Die Zeit in Mansfeld ist am 26. August vorbei. Sie endet mit einer Lesung im Putlitzer Herrenhaus. Eine Art „Werkstattlesung“ werde dies werden, erklärt Tobias Schwartz. Schließlich ist der Roman noch nicht fertig, und er ist auch noch auf der Suche nach einem passenden Verlag – für seinen ersten Roman hatte er einen Verlag gewonnen, der diesmal nicht infrage kommt. Moderiert wird die Runde von dem Schriftsteller Jürgen Rennert, der seit zwei Jahren im Putlitzer Ortsteil Krumbeck lebt. Danach wünscht er sich auch das Gespräch mit den Besuchern über sein Manuskript. Die Putlitzer Gaststätte Otto wird eigens wegen der Lesung am Abend länger geöffnet – so wird sich das Geschehen im Anschluss an die Lesung dorthin verlagern. Der Kontakt und die Freundschaft mit Jürgen Rennert – beide lebten dereinst in Berlin fast in Nachbarschaft, ohne voneinander zu wissen, und lernten sich erst in der Prignitz kennen – wird etwas sein, was bei Tobias Schwartz von dem Prignitz-Aufenthalt bleiben wird. Und: „Es wird auf jeden Fall mehr Landleben in unserem Familienleben vorkommen.“ Das kommt nicht nur ihm, dem Naturliebhaber, entgegen, sondern auch seinem Sohn, der sich nach einem ersten Aufenthalt in Putlitz im April bereits riesig auf die Zeit in Mansfeld gefreut hatte.
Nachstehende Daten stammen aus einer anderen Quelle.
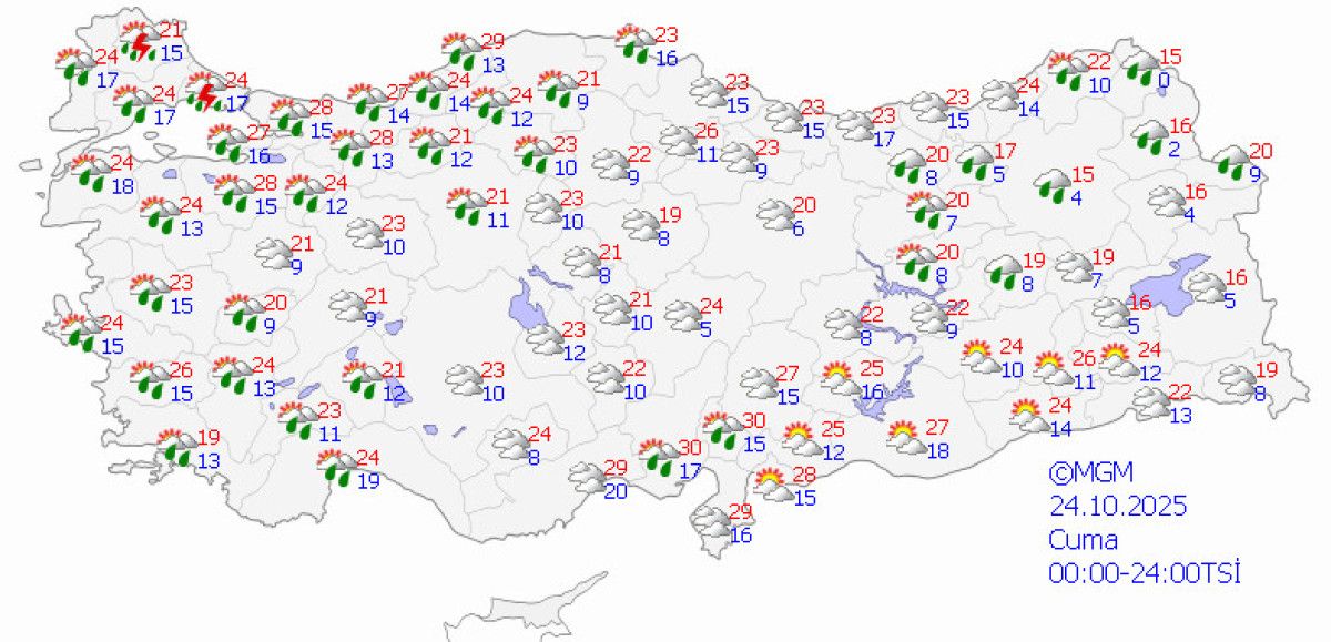 Meteoroloji tahminlere göre; yurt genelinin parçalı, yer yer çok bulutlu, Marmara, Ege, Batı Akdeniz, Doğu Akdeniz’in Toroslar mevkii, İç Anadolu’nun kuzeybatısı, Batı Karadeniz (Sinop hariç), Doğu Karadeniz, Doğu Anadolu (Hakkari hariç), Güneydoğu Anadolu’nun doğusu ile Osmaniye, Kahramanmaraş, Aksaray, Yozgat, Sivas, Ordu ve Tokat çevrelerinin yağmur ve sağanak, batı kesimlerin yer yer gök gürültülü sağanak, Doğu Karadeniz’in iç kesimlerinin yüksekleri ile Doğu Anadolu’nun kuzeydoğusunun yükseklerinin karla karışık yağmur ve yer yer kar yağışlı geçeceği tahmin ediliyor.
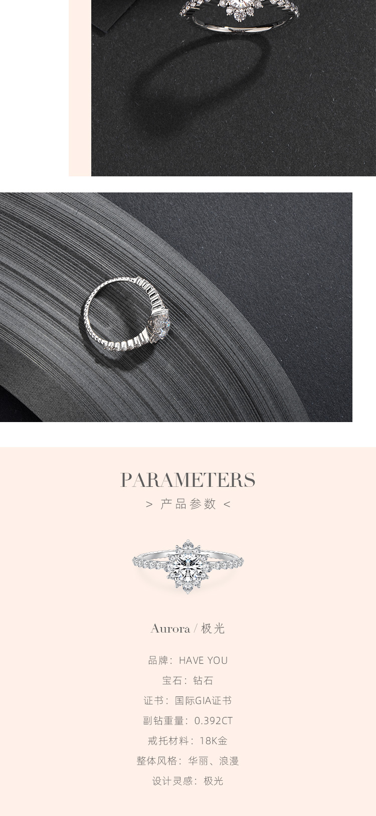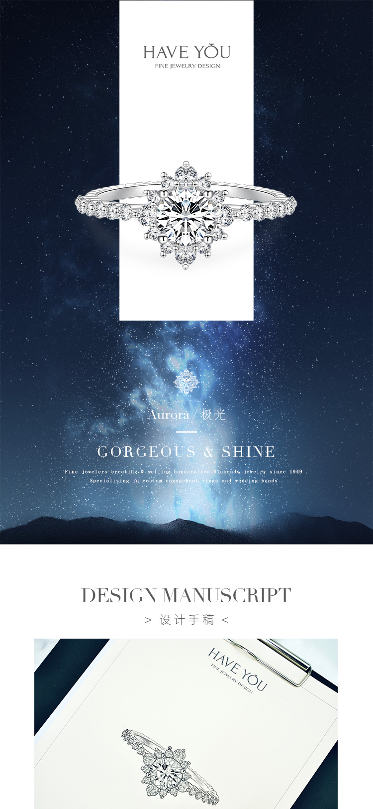 什么是爱,大概是所有美好的事物都想与你分享??,所有美好的事情都想有你参与吧。那大家的男朋友有没有帮大家挑选钻戒,贡献自己那一份微薄的力量呢? - 看我挑钻戒挑花了眼,迟迟不肯做决定后,我男朋友大胆的帮我定制了一枚钻戒!其实现在说出来我都还是觉得这是一场梦,醒了很久还是很感动……他自己在网上对比了多家品牌和店铺,最后选择了【HAVEYOU】,这一点我还是很满意哒。他和设计师沟通时就说了,要好看要特别几个字,好在设计师很用心,不管是设计图还是成品,都让我大声赞叹。主钻是圆哒,周围是大小交替排列的小钻,戒托真的很闪,排满了小钻,看得我直呼内行,我男朋友这种直男果然厉害,名字是我取得啦,极光。感谢他和【HAVEYOU】带给我的这一场视觉盛宴,承蒙厚爱。

Und schließlich hat Tobias Schwartz die Zeit in Mansfeld genutzt, um „wahnsinnig viele Notizen zu machen und sehr viel zu sammeln“. Denn die Idee für einen weiteren Roman nach „Emlichheimer“ hat er bereits – vielleicht hat die Zeit in Mansfeld sie reifen lassen.

Fakten zu Tobias Schwartz und seiner Arbeit

Geboren wurde Tobias Schwartz 1976 in Osnabrück. Seit 1997 lebt er in Berlin

Sein Debütroman „Film B“ erschien 2007 im Satyr-Verlag. Eine Bühnenfassung hatte 2008 an der Berliner Volksbühne Premiere.

Die Arbeit für das Theater ist sein zweites Standbein. So waren Stücke von Tobias Schwartz unter anderem am Maxim-Gorki-Theater und am Hans-Otto-Theater in Potsdam zu sehen.

In den vergangenen Jahren erhielt Tobias Schwartz mehrere Stipendien. 2013 war Schwartz Stipendiat des Literarischen Colloquiums Berlin. 2015 erhielt er das Albrecht-Lempp-Stipendium in Krakau. Das Residenzstipendium „42 Tage Putlitz“ erhielt er in diesem Jahr zugesprochen. Für genau diesen Zeitraum arbeitet er nun ohne Ablenkung in dem zu Putlitz gehörenden Dorf Mansfeld an seinem neuen Roman, der den Titel „Emlichheimer“ trägt.

Der Roman dreht sich um die Bewohner des Dorfes Emlichheim. Seine Geschichte und ihre Geschichten sind eingebettet in eine Rahmenhandlung, die sich an einem Tag abspielt: Der Potsdamer Kinderarzt David macht sich auf den Weg in sein an der holländischen Grenze gelegenes Heimatdorf Emlichheim. Dort will er seine Jugendliebe Grete besuchen, die gerade ein Kind erwartet – er weiß nicht, dass es von ihm ist.

Mit einer Lesung aus diesem Roman endet am Freitag, 26. August, seine Zeit in Putlitz auch schon wieder. Ab 19.30 Uhr wird er den noch nicht fertigen Roman im Putlitzer Herrenhaus vorstellen. Der Eintritt ist frei.